= Any Place I Hang My Hat Is Home =

"Any Place I Hang My Hat Is Home" is a popular song with music by Harold Arlen and lyrics by Johnny Mercer.

It was first introduced in 1946 in the musical St. Louis Woman. In the musical, the song is sung by a female character of easy virtue, played by Ruby Hill in the original cast, and the lyrics start out, "Free and easy". The score by Arlen provides a languid accompaniment, not dissimilar to that of "One for My Baby (and One More for the Road)", also by Arlen and Mercer.

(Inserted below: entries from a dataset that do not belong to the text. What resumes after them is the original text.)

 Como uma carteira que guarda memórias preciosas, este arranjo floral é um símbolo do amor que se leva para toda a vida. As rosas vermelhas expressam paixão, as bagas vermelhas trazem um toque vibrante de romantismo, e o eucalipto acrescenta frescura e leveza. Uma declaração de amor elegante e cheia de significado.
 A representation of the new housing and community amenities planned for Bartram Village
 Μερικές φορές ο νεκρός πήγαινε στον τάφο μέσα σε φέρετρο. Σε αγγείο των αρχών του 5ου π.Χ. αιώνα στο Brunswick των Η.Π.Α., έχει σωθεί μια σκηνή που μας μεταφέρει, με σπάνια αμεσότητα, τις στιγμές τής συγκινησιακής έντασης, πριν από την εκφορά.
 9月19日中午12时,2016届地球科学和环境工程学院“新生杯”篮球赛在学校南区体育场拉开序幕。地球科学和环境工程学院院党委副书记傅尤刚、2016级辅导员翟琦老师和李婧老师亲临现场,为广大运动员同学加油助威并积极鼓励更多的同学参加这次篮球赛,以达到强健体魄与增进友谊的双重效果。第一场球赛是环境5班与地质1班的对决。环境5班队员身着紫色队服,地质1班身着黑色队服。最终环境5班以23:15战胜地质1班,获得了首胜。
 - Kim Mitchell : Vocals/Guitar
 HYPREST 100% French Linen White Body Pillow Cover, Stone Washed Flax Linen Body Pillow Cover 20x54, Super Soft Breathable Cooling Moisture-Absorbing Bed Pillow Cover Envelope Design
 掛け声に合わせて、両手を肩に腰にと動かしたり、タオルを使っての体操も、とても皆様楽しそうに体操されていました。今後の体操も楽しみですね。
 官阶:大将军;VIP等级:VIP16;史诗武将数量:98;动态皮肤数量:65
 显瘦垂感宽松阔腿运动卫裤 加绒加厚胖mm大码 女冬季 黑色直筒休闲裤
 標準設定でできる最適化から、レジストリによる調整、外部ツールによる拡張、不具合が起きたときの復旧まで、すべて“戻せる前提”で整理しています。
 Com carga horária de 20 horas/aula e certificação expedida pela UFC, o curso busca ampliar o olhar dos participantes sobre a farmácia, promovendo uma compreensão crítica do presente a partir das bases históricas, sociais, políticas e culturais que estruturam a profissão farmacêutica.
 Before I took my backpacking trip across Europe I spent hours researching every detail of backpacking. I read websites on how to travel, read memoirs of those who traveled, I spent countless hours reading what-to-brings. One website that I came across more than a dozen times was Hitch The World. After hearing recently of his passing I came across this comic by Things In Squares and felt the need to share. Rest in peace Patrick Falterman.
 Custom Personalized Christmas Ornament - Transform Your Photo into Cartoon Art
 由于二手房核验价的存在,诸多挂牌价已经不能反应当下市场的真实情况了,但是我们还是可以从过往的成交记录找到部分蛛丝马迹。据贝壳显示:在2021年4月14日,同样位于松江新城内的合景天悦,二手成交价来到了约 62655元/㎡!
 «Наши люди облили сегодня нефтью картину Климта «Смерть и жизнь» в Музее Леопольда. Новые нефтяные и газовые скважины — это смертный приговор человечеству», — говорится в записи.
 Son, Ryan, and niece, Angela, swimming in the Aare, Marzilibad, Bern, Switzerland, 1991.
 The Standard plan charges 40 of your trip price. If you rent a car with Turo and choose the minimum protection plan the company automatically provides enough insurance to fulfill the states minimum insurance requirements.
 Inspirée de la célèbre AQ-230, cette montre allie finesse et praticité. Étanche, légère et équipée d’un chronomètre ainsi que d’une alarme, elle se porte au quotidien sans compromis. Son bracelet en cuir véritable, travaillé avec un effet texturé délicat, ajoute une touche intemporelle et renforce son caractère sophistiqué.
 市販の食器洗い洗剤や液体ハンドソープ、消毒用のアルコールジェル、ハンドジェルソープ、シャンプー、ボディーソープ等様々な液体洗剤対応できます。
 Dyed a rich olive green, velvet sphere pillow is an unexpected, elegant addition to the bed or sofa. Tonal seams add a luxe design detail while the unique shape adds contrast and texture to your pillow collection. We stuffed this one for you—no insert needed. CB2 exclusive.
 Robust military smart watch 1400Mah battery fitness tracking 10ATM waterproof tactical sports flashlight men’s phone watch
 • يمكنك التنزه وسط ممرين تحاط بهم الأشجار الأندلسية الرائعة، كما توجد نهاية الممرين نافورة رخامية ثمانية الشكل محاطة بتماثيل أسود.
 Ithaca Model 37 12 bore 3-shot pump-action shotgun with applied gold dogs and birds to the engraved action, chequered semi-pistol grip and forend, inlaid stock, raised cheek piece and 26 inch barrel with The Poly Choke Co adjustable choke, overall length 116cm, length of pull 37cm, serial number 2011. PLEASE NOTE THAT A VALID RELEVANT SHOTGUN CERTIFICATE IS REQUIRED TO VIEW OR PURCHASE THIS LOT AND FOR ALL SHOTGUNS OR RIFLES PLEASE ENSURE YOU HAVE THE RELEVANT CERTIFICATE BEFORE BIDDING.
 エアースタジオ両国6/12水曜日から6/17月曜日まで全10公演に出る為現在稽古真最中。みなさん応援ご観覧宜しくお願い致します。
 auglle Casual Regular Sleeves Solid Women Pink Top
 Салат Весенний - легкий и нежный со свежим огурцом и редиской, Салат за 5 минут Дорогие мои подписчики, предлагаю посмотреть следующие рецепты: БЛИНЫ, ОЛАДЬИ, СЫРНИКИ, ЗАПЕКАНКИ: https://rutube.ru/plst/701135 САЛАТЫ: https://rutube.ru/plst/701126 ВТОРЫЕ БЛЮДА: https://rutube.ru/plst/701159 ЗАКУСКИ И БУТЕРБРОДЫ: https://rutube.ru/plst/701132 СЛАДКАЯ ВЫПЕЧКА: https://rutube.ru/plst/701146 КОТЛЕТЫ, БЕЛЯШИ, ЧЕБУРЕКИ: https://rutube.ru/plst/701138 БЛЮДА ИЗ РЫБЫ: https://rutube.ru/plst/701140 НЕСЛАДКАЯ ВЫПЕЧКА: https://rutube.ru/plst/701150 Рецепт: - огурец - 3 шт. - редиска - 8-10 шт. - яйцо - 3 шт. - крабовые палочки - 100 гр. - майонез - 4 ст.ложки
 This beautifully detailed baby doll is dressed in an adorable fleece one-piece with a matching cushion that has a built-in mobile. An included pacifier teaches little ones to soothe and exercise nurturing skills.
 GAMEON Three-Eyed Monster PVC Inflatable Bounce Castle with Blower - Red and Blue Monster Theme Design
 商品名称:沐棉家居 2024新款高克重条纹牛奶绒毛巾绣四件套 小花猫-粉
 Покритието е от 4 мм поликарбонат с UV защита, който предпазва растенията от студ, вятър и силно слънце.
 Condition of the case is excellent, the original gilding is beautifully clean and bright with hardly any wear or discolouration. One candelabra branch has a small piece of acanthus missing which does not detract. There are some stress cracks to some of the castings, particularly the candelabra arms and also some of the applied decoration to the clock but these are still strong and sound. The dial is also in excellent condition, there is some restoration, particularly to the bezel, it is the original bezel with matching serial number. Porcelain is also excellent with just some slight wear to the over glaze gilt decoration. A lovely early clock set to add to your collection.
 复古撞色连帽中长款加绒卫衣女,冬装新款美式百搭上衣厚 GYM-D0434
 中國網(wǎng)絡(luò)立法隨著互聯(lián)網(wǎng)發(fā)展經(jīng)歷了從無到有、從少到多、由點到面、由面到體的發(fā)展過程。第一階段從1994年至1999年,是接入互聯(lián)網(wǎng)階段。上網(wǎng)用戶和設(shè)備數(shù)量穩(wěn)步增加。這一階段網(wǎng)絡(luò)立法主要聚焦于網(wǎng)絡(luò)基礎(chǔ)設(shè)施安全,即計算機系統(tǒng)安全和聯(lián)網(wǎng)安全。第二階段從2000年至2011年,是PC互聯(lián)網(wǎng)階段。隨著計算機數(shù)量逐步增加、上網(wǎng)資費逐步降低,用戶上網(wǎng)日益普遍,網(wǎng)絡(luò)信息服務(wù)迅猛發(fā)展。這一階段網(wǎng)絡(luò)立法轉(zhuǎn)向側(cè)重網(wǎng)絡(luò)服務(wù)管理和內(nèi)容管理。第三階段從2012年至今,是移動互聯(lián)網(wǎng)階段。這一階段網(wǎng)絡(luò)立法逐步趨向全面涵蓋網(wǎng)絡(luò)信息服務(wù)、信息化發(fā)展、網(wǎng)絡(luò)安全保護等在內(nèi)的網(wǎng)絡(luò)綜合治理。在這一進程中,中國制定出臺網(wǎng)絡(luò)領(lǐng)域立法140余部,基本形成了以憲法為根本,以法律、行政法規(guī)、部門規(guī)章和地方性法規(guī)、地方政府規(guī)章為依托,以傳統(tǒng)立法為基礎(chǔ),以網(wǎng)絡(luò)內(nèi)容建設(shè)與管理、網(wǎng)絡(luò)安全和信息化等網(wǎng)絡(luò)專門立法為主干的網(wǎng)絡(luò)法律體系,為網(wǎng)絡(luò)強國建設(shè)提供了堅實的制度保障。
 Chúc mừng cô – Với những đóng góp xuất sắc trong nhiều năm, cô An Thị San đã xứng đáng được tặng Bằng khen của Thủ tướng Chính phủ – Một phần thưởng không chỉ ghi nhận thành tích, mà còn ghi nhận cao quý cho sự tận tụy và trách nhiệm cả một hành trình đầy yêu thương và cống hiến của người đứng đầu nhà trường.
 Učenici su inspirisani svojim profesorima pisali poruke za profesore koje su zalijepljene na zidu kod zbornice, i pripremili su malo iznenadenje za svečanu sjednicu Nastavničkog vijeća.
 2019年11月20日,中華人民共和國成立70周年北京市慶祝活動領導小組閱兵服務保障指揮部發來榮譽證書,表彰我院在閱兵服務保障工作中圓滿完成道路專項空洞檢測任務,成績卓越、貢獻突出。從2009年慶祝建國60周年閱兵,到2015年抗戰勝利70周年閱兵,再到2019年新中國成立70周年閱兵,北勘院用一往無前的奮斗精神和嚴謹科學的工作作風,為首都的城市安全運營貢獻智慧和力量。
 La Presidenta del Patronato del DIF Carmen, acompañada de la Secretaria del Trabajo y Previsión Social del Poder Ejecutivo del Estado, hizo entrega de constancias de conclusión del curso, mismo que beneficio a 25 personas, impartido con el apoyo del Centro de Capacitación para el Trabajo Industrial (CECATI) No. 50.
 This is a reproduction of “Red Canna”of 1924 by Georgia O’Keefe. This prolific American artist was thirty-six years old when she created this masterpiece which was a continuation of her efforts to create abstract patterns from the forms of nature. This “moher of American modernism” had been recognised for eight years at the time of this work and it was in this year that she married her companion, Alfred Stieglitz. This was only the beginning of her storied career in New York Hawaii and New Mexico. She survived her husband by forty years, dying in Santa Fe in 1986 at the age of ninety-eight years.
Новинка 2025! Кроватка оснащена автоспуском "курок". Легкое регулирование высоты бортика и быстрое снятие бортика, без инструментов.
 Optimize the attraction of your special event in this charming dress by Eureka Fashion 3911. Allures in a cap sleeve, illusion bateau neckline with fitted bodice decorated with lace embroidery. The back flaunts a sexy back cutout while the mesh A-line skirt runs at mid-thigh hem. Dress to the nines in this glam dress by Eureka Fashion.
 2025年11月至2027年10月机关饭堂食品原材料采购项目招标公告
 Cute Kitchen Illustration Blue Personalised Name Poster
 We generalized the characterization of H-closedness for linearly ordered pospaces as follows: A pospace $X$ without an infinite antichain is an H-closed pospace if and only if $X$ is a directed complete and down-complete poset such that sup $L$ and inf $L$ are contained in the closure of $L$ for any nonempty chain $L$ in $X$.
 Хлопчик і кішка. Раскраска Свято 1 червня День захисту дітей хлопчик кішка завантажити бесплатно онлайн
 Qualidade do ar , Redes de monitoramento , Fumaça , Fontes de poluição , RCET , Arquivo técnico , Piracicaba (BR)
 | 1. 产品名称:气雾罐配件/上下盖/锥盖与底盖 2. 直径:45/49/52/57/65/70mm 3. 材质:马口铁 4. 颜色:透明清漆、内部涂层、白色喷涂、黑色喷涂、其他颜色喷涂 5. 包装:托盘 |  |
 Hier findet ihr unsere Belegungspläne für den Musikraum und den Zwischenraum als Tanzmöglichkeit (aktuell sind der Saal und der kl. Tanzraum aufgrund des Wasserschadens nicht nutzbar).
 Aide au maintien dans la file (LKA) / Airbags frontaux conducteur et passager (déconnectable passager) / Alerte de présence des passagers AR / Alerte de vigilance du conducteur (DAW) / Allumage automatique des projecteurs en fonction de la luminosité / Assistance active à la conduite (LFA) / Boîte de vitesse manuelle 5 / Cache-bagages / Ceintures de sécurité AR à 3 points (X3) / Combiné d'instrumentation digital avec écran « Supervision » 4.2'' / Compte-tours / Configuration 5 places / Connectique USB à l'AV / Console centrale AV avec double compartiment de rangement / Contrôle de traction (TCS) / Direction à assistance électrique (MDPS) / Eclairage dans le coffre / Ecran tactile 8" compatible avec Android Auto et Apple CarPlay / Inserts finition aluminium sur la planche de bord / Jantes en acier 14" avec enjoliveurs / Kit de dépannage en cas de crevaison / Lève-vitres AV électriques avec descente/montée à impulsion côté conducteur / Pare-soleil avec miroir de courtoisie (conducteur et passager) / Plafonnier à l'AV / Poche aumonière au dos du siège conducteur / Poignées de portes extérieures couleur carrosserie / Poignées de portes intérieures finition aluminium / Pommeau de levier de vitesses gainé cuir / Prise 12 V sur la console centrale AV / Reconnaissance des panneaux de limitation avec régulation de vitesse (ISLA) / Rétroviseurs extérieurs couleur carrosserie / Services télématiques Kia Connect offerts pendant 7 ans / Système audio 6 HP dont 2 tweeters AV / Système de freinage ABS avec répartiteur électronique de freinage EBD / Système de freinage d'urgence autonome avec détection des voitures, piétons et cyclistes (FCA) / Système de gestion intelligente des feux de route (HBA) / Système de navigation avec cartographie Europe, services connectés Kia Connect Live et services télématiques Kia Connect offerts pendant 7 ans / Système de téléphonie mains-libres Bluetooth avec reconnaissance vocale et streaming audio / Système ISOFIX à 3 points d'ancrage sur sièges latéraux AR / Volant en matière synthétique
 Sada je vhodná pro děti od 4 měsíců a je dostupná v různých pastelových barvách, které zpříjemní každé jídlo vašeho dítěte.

==Barbra Streisand recording==
Barbra Streisand recorded the song for The Second Barbra Streisand Album in 1963. The song appeared on the album twice: first, as the individual song to open the album; then to close the album as a medley with "Like a Straw in the Wind".

==Notable recordings==
Many other vocalists have recorded the song including:
- Rosemary Clooney – Rosemary Clooney Sings the Lyrics of Johnny Mercer (1987)
- Sammy Davis, Jr. – That's All! (1967)
- Judy Garland – Judy (1956)
- Lena Horne – Stormy Weather (1957)
- Susannah McCorkle – The Quality of Mercer (1977)
- Johnny Mercer (who co-authored the song) – a single release in 1946 and a re-recording in 1974 for the album Johnny Mercer Singer-Songwriter.